(I’m a regular contributor to conda-forge, a large(ly) parallel ecosystem of python packages that’s used widely in data-, ML- and science-heavy python projects. This does not make me a maintainer of the actual tools – conda
, mamba
, etc. – that are the UI for this ecosystem)
@smm, have you seen this thread by @rgommers? It introduces a resource page that’s intentionally solution-free to establish a baseline understanding among the various different problems/needs/constraints in the python packaging ecosystem, particularly for those projects involving “native” code (i.e. code wrapped by, but not written in, Python).
With great respect for Hatch, “almost there already” is a big stretch IMO, given all the problems pointed out with (e.g.) native code. This is not Hatch’s fault (nor responsibility), but we’re (IMHO) emphatically not close to declaring success.
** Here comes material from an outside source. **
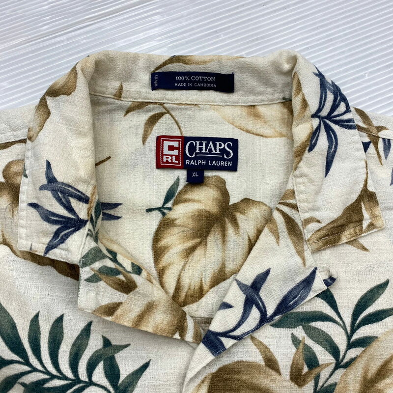 チャップス ラルフローレン CHAPS RALPH LAUREN アロハシャツ 半袖 ボタニカル柄 総柄 サイズ:XL ベージュ×グリーン×ネイビー【古着】 古着 【中古】 中古 mellow 【あす楽対応】【古着屋mellow楽天市場店】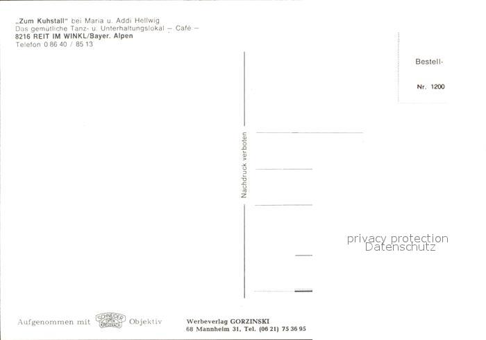 72565765 Reit Winkl Zum Kuhstall Maria und Addi Hellwig postalisch nicht gelaufen Erhaltung siehe scans [LiesaD40] KatCode: 11110009189139

As long as the ecosystem currently being served by conda cannot be folded back into “the One True Way”, we have not actually solved the schisms in python packaging (i.e. everyone can just use the same tool). Note that this is not some zealous attachment to conda as a tool or philosophy, but about not regressing the capabilities that are necessary to solve large classes of problems for the “data science persona” at scale. My impression is that this pragmatism is shared by many if not most in conda-land.
Indeed, it is a blessing and a curse, but now we have to deal with it.
To this point, from my POV, the uncomfortable “math” here is to either:
- solve most of the problems outlined in https://pypackaging-native.github.io/ (a gigantic undertaking)
- define large parts of the data science ecosystem as out of scope (…)
Almost certainly, 2. won’t fly for the SC (who would want to define ~half their user base out of existence), and the wider PyPA community has consistently declared 1. as out of scope (unsurprisingly, given the monumental complexity resp. the available resources).
Both points are understandable for the respective stakeholders, but they are at odds with each other, and (IMO) the fundamental tension underlying the lack of tooling homogeneity.
As painful as 2. looks from a language governance POV, this is effectively what’s happening in various pockets of the ecosystem most affected by these problems (e.g. the geospatial stack), where installation instructions often uniformly recommend an alternate (non-PyPA) installer, and wheels etc. are not provided.
Hopefully this can be mitigated with things like PEP 668 (which would make it less “all-or-nothing” to use other package managers, and could more or less gracefully hand off installation of too-complicated packages from pip/wheels/PyPA to another package manager where necessary), but even achieving that is still a far cry from the “unification” that the survey comments cited in the OP are calling for.